Un travail social et scientifique indispensable
Initiée en 2019 par le Cercle de travail allemand de recherche de provenance (Arbeitskreis Provenienzforschung), la seconde Journée internationale de la recherche de provenance se tiendra le 8 avril 2020. Cet événement a pour but de souligner l’importance sociale et scientifique de cette tâche complexe menée par les chercheurs en Europe – en Allemagne, France, Autriche, Hollande, Belgique et Suisse. L’occasion de rappeler ici très brièvement les événements historiques et l’effort qu’entreprend le MAH dans ce domaine: un projet mené en son sein par une petite équipe dirigée par une chercheuse de provenance.
Le contexte historique
La revanche fut l’un des motifs du régime national-socialiste pour procéder à de vastes spoliations sur les territoires occupés: il fallait se venger des humiliations infligées par les troupes napoléoniennes et ramener au Reich tous les objets d’art sortis des régions allemandes depuis l’Empire et même depuis le XVIe siècle. Le rapport Kümmel, rédigé par l’historien de l’art Otto Kümmel, dresse à cet effet le répertoire de toutes les œuvres susceptibles d’être rapatriées au nom de l’unité germanique.
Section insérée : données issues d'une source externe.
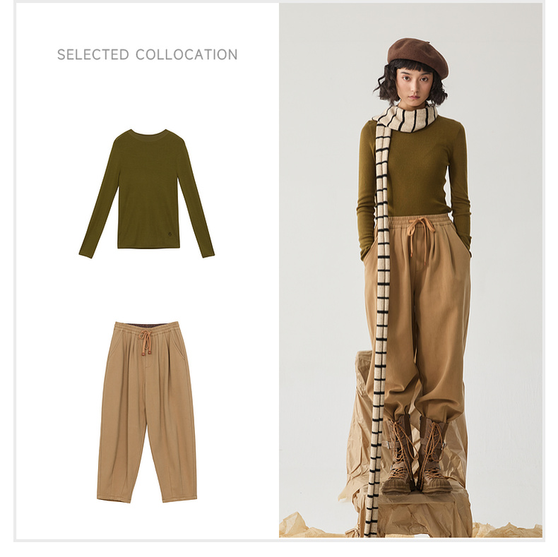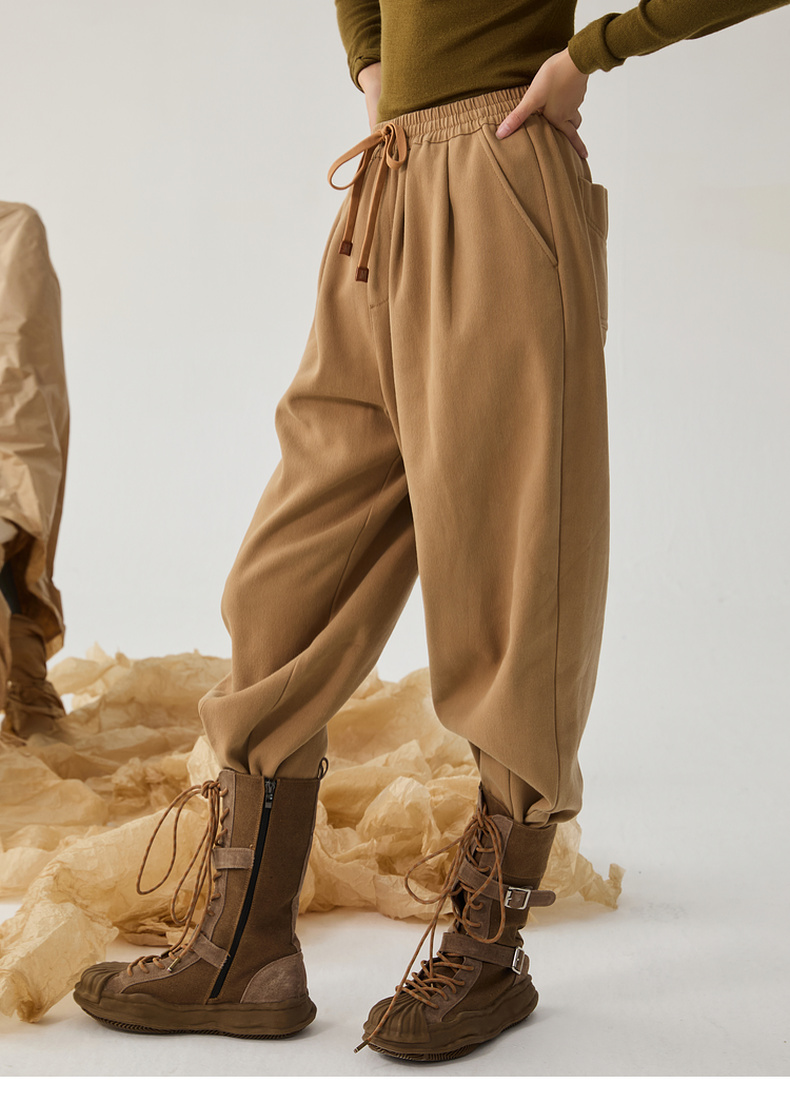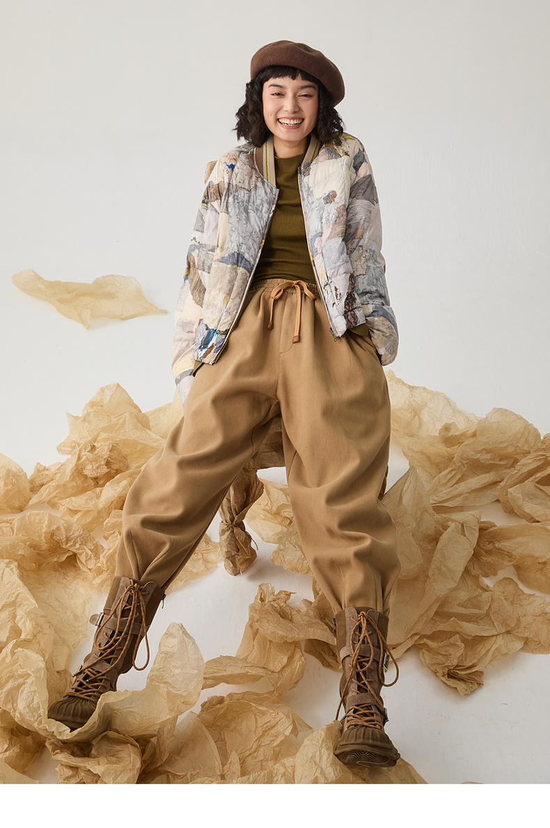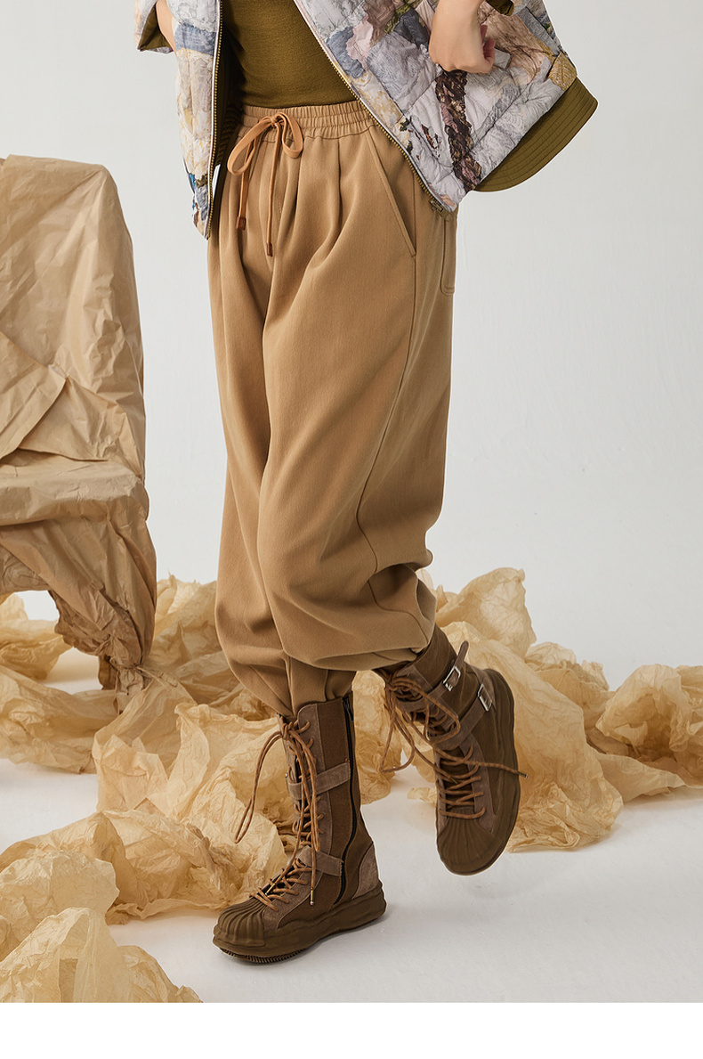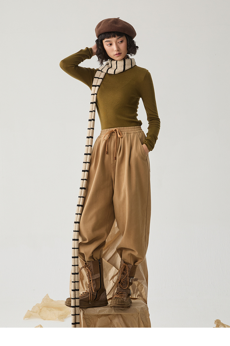 谜底直筒裤女2024冬款百搭松紧腰宽松休闲裤卫裤九分裤244MK1559
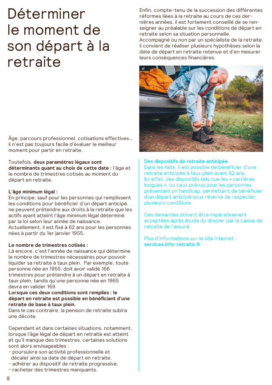 seigner au préalable sur les conditions de départ en retraite selon sa situation personnelle.
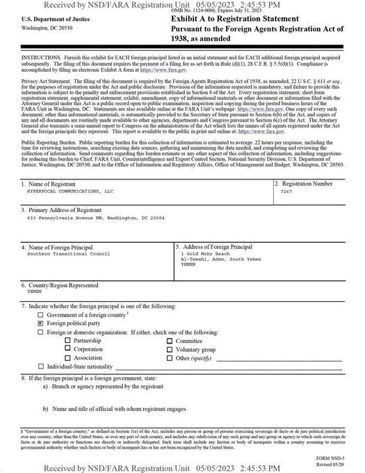 وذكر الموقع الامريكي في تقرير نشره مطلع مايو الجاري أن شركة (Hyperfocal Communications) التي أطلقها العام الماضي المدير الميداني السابق لدونالد ترامب، ستيوارت جولي وعضو اللوبي الديمقراطي يولاندا كاراوي، ستتولى عملية الضغط من أجل الانتقالي الجنوبي لمدة عام، وقدمت أوراقها بداية الشهر لتمثيل الانتقالي.
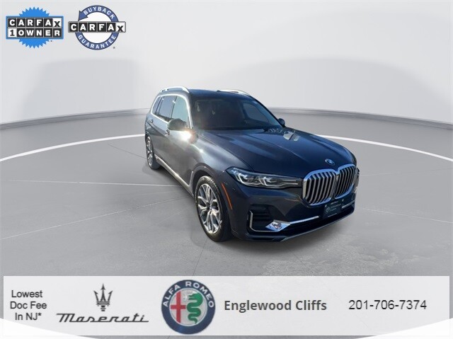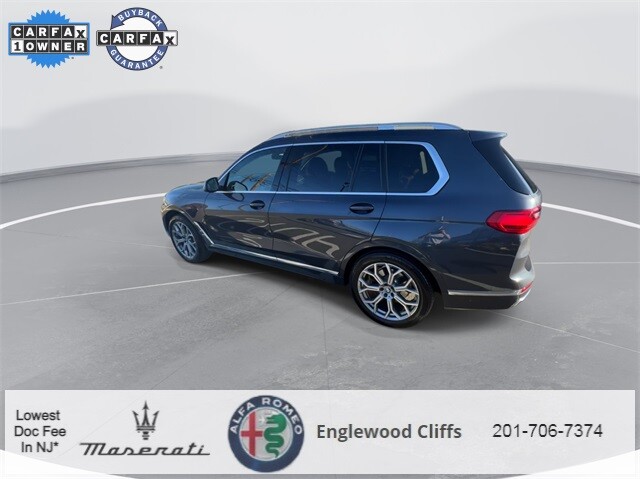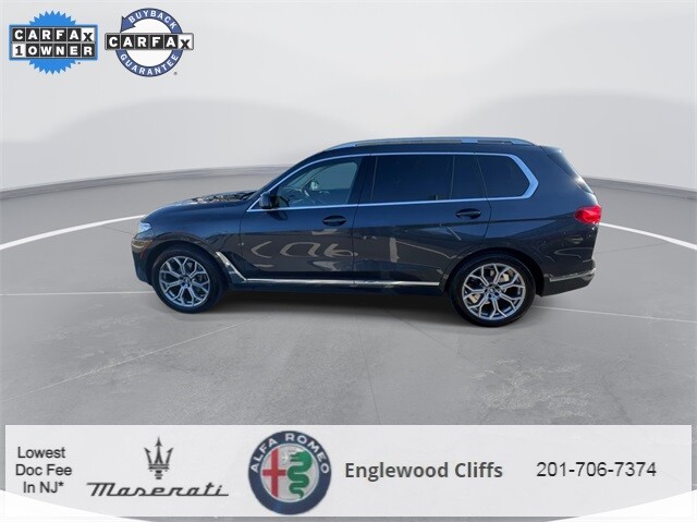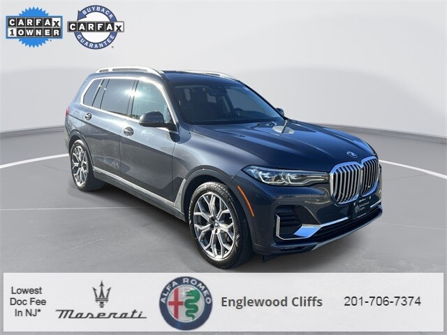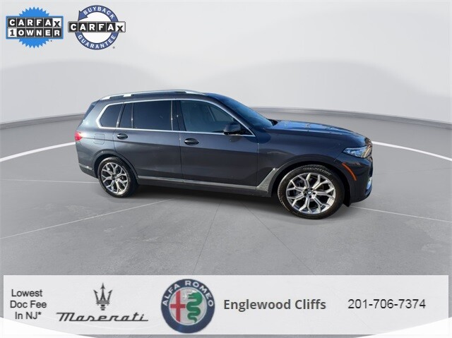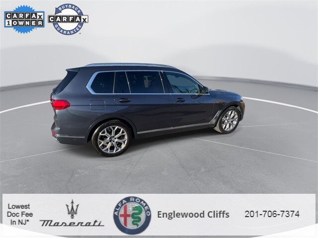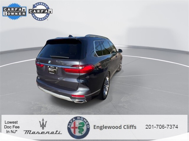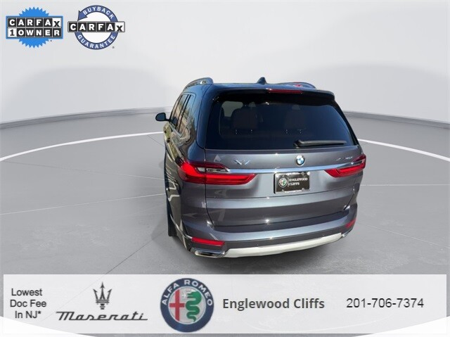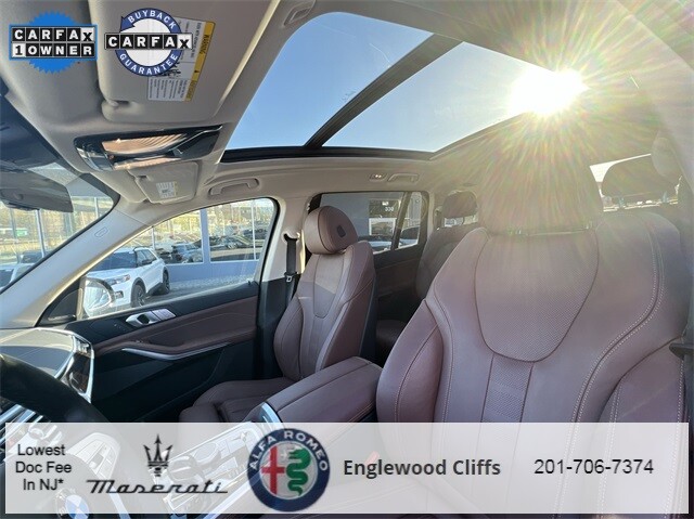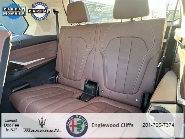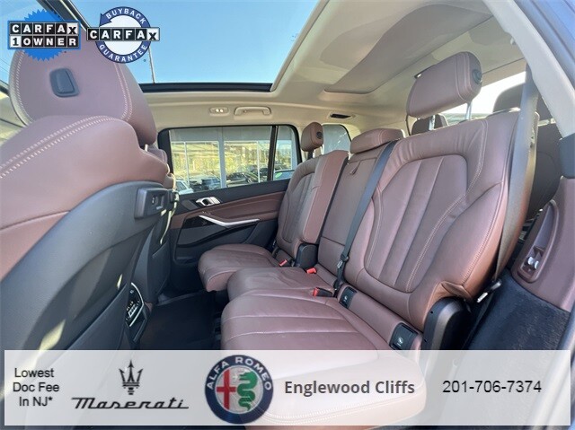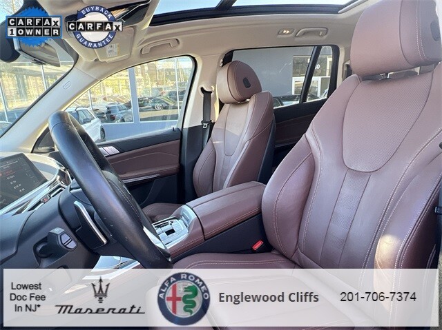 This X7 xDrive40i is nicely equipped with Cold Weather Package (5-Zone Automatic Climate Control and Front & Rear Heated Seats), Connected Package Pro, Parking Assistance Package (Drive Recorder, Parking Assistant Plus, Rear-View Camera, and Surround View w/3D View), Premium Package (DISC) (Gesture Control, harman/kardon Surround Sound System, Head-Up Display, Rear Electric Side Window Shades, and Soft-Close Automatic Doors), AM/FM radio: SiriusXM with 360L, Apple CarPlay & Android Auto Compatibility, Auto High-beam Headlights, Auto tilt-away steering wheel, Auto-dimming door mirrors, Auto-dimming Rear-View mirror, Auto-leveling suspension, Automatic temperature control, Brake assist, Compass, Electronic Stability Control, Exterior Parking Camera Rear, Four wheel independent suspension, Front dual zone A/C, Fully automatic headlights, Head restraints memory, Heated door mirrors, Heated Sport Seats, Heated steering wheel, Hi-Fi Sound System, Illuminated entry, Live Cockpit Pro w/Navi, Lumbar Support, Memory seat, Navigation System, Outside temperature display, Panic alarm, Power door mirrors, Power driver seat, Power Front Seats, Power moonroof, Power passenger seat, Power steering, Power windows, Radio data system, Rain sensing wipers, Rear air conditioning, Rear dual zone A/C, Rear window defroster, Rear window wiper, Reclining 3rd row seat, Remote keyless entry, Security system, SiriusXM w/360L, Speed control, Speed-sensing steering, Steering wheel memory, Steering wheel mounted audio controls, Traction control, Turn signal indicator mirrors, 10 Speakers, 3.64 Axle Ratio, 3rd row seats: split-bench, 4-Wheel Disc Brakes, ABS brakes, Air Conditioning, Alloy wheels, AM/FM Stereo, Apple CarPlay Compatibility, BMW Assist eCall, BMW TeleServices, Bumpers: body-color, ConnectedDrive Services, Delay-off headlights, Driver door bin, Driver vanity mirror, Dual front impact airbags, Dual front side impact airbags, Emergency communication system: BMW Assist eCall, Front anti-roll bar, Front Bucket Seats, Front Center Armrest, Front fog lights, Front reading lights, Garage door transmitter, Genuine wood console insert, Genuine wood dashboard insert, Genuine wood door panel insert, Heated front seats, Knee airbag, Leather Shift Knob, Low tire pressure warning, Occupant sensing airbag, Overhead airbag, Passenger door bin, Passenger vanity mirror, Power adjustable front head restraints, Rear anti-roll bar,
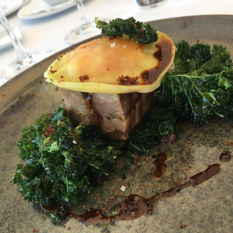 A viagem pelos sabores de Portugal seguiu com o chef Pedro Mendes, do restaurante Narcissus Fernandessi, na Vila Viçosa. Em um dos pratos do chef a sua homenagem a Paul Bocuse: a sopa VGE na versão dele, com pé de porco e coentro, a melhor surpresa da noite.
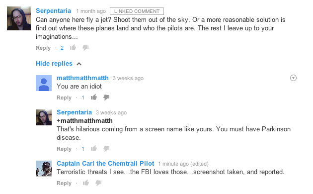 Advocating violence against "Chemtrail" planes, pilots, scientists, and debunkers
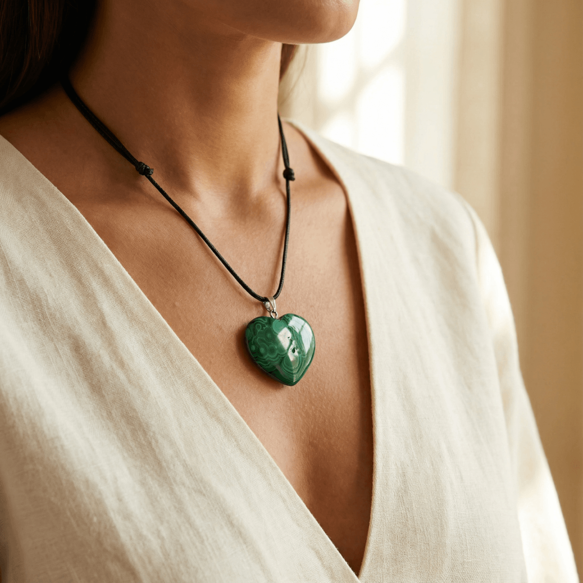 Malachite Pendant & Adjustable Cord Necklace
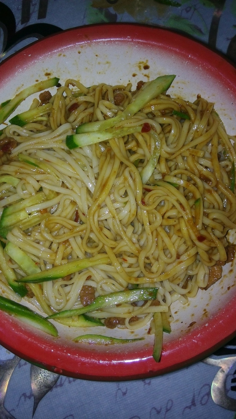 11:家里就剩下黄瓜了,码在面条上然后加上熬好的酱,搅拌,开吃吧!!
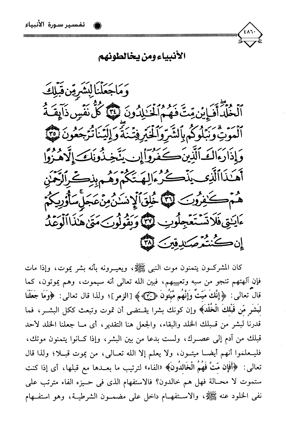 (وَمَا جَعَلْنَا لِبَشَرٍ مِنْ قَبْلِكَ الْخُلْدَ أَفَإِنْ مِتَّ فَهُمُ الْخَالِدُونَ (34) كُلُّ نَفْسٍ ذَائِقَةُ الْمَوْتِ وَنَبْلُوكُمْ بِالشَّرِّ وَالْخَيْرِ فِتْنَةً وَإِلَيْنَا تُرْجَعُونَ (35) وَإِذَا رَآكَ الَّذِينَ كَفَرُوا إِنْ يَتَّخِذُونَكَ إِلَّا هُزُوًا أَهَذَا الَّذِي يَذْكُرُ آلِهَتَكُمْ وَهُمْ بِذِكْرِ الرَّحْمَنِ هُمْ كَافِرُونَ (36) خُلِقَ الْإِنْسَانُ مِنْ عَجَلٍ سَأُرِيكُمْ آيَاتِي فَلَا تَسْتَعْجِلُونِ (37) وَيَقُولُونَ مَتَى هَذَا الْوَعْدُ إِنْ كُنْتُمْ صَادِقِينَ (38)
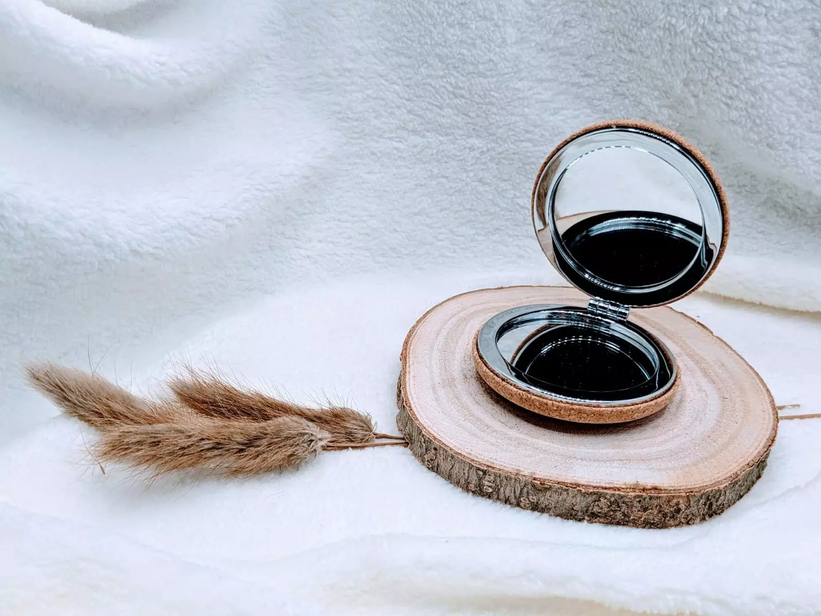 Miroir en liège de poche à rabat – Naturel, pratique et élégant
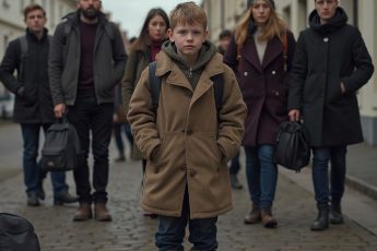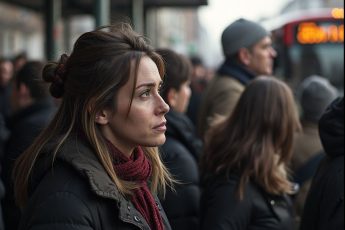 Осенний вечер опускался на шумный городской перекрёсток, где на автобусной остановке собралось несколько человек.
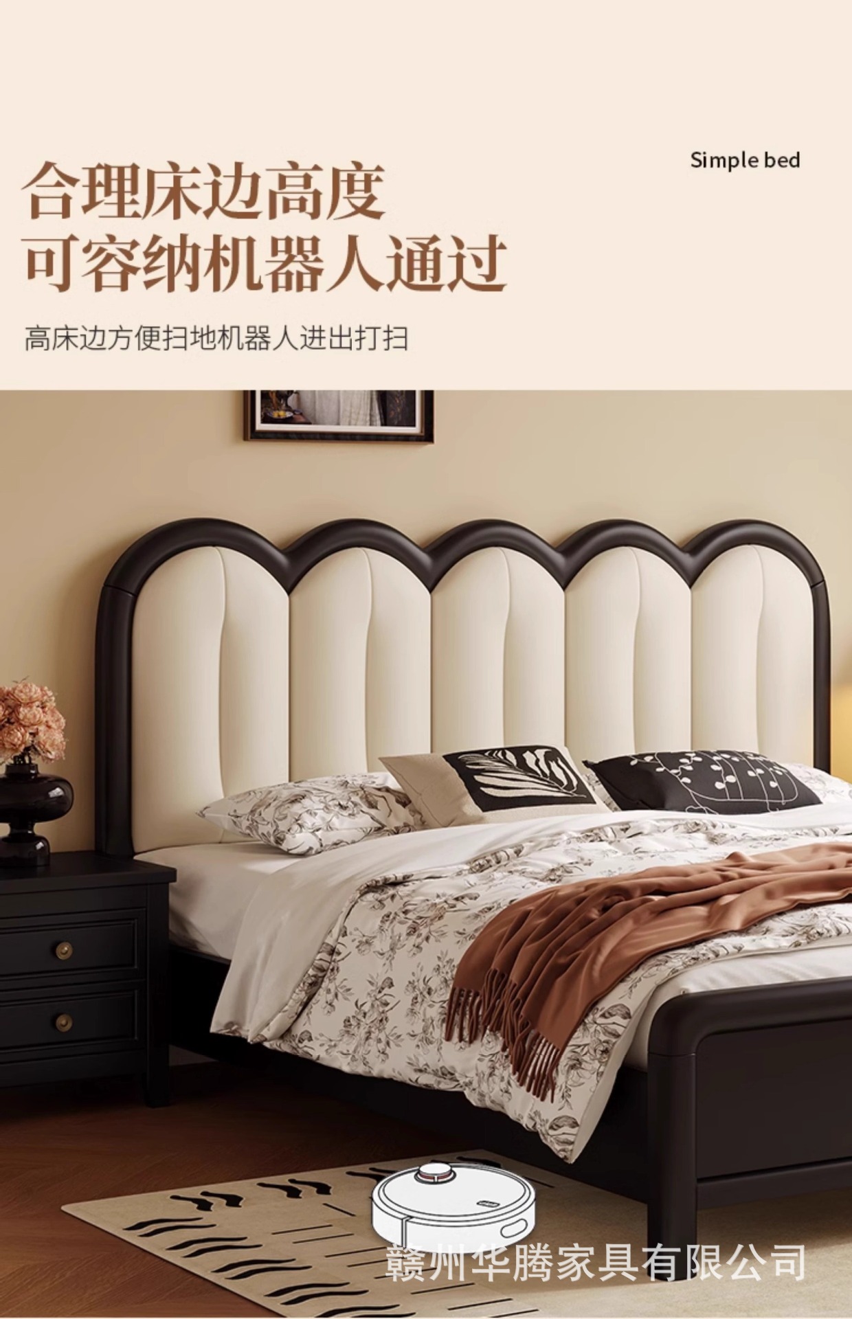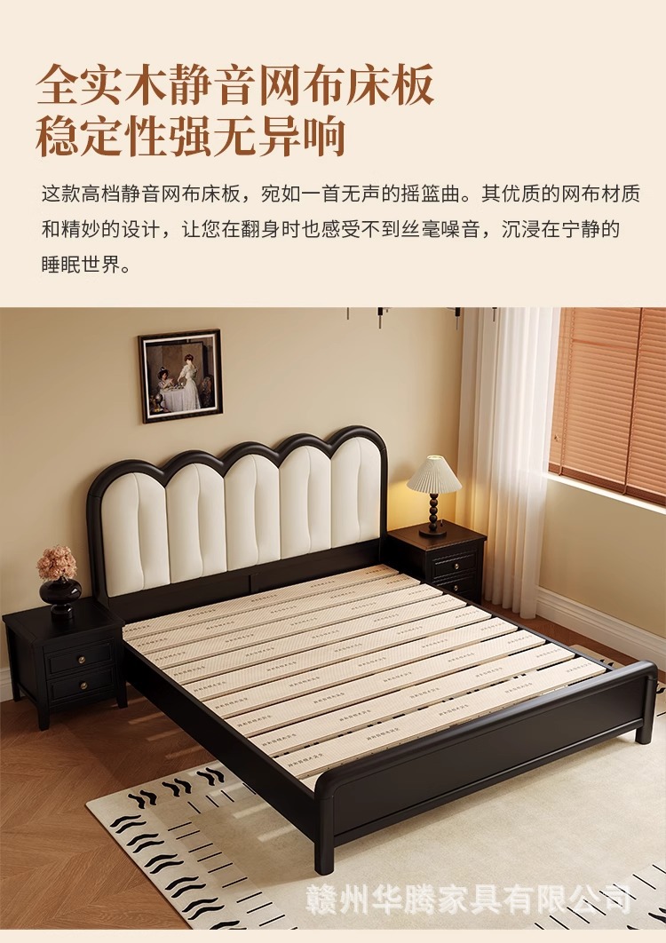 프렌치 복고풍 원목 침대, 모던하고 심플한 마스터 침실, 고급스럽고 분위기 있는 더블 침대, 중세 스타일의 가벼운 럭셔리 블랙 침대

À partir de 1933, la machine de spoliations se met en route avec une systématique implacable, d’abord sur le territoire allemand et ensuite dans les pays occupés comme la France, la Hollande, la Belgique et l’Autriche. En France, un nouvel organisme est créé pour mener à bien les pillages: l’ERR (Einsatzstab Reichsleiter Rosenberg), dirigé par l’idéologue nazi de la première heure Alfred Rosenberg (à ne pas confondre avec le fameux galeriste français Paul Rosenberg).
Monuments Men
Ces agissements ne passent pas inaperçus aux yeux du reste du monde occidental et, dès 1943, les Alliés affirment leur volonté de protéger les biens culturels européens avec la création de la Commission Roberts. En 1944, avant même la fin des hostilités, ils constituent une unité de 354 hommes et femmes, spécialistes des musées, historiens ou historiens de l’art, appelée communément les Monuments Men. Sur place, en Allemagne, dans les fameux Collecting Points (centres de collecte), ils ont pour mission de trier les œuvres retrouvées et de les restituer à leurs propriétaires légitimes. Quand la provenance ne peut être établie, les œuvres sont retournées dans les pays d’où elles proviennent; les différents gouvernements sont dès lors chargés de chercher à restituer ce qui peut l’être. Si la Suisse n’a pas subi de spoliations sur son territoire, son marché de l’art a en revanche servi à écouler une partie des œuvres spoliées. Le gouvernement helvétique accorde un délai de deux ans aux propriétaires ou ayants-droits pour formuler des demandes de restitution.
Par la suite, autant en Suisse que dans les autres pays, la conscience collective considère ce problème comme réglé… jusqu’au début des années 1990. La chute du mur de Berlin, l’ouverture d’archives jusque là fermées ou inaccessibles, la prise de conscience de l’horreur de la Shoah par les petits-enfants ou arrière petits-enfants des victimes, dont les survivants n’évoquaient que très difficilement l’indicible, le travail de recherche de certains historiens… tout cela mène à un nouvel intérêt pour cette période sombre. Des groupes de travail sont constitués – la commission Mattéoli en France, la commission Bergier en Suisse –, avec pour but de faire toute la lumière sur les événements. En 1998, 44 pays signent les 11 Principes de Washington et s’engagent, entre autres, à faire de la recherche de provenance et, en cas de provenance litigieuse, «parvenir à une solution juste et équitable» («just and fair»).
La Suisse
Pays signataire, la Confédération procède encore actuellement à la recherche de provenance sur les collections sous sa responsabilité directe (dont le Musée National à Zurich et sa filiale à Prangins (VD)). Cependant, la plupart des autres musées publics sont sous responsabilité cantonale ou municipale. Pour les inciter à faire ces recherches, la Confédération, par le biais de l’OFC, propose un soutien financier (50 % par l’OFC, 50 % par le musée). Le Musée d’art et d’histoire de Genève est bénéficiaire d’un tel encouragement et un petit groupe, dirigé par une chercheuse de provenance, se penche depuis janvier 2019 sur environ 70 œuvres dont la provenance pourrait poser problème. Les résultats de ce véritable travail d’enquête et un rapport final seront publiés à l’été 2020.